Let $T = \left({S, \tau}\right)$ be a Hausdorff space which is compact.


Then $\tau$ is the minimal subset of the power set $\mathcal P \left({S}\right)$ such that $T$ is a Hausdorff space.


Proof

Aiming for a contradiction, suppose there exists a topology $\tau'$ on $S$ such that:

$\tau' \subseteq \tau$ but $\tau' \ne \tau$
$\tau'$ is a Hausdorff space.

From Identity Mapping is Continuous:

the identity mapping $I_S: \left({S, \tau}\right) \to \left({S, \tau'}\right)$ is continuous.
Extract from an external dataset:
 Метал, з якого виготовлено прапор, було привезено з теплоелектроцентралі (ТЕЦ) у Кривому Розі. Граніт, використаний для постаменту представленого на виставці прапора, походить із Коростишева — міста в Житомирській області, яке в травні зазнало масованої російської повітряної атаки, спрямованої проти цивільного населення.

Let $A \subseteq S$ be closed in $\left({S, \tau}\right)$.

By Closed Subspace of Compact Space is Compact, if $A$ is compact in $\left({S, \tau}\right)$.
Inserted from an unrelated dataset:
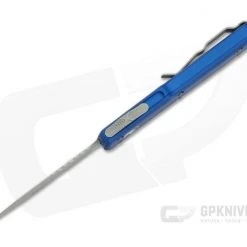 The UTX-70 (15% smaller than the UTX-85) is a dual action mini out the front automatic knife from Microtech that’s one of the most friendly for everyday carry. The diminutive size is perfect for watch pocket or even key ring carry. This version has Blue contoured handles and a partially serrated Stonewashed finished, Double Edge M390 blade.

From Continuous Image of Compact Space is Compact:

$I_S \left({A}\right)$ is also compact.

By hypothesis, $\left({S, \tau'}\right)$ is a Hausdorff space.

From Compact Subspace of Hausdorff Space is Closed:

$I_S \left({A}\right)$ is closed in $\left({S, \tau'}\right)$.

Thus $I_S$ is a closed mapping and so:

$\tau \subseteq \tau'$



Thus we have that $\tau \subseteq \tau'$ and $\tau' \subseteq \tau$.

Hence by definition of set equality:

$\tau' = \tau$

But this contradicts our hypothesis that $\tau' \ne \tau$.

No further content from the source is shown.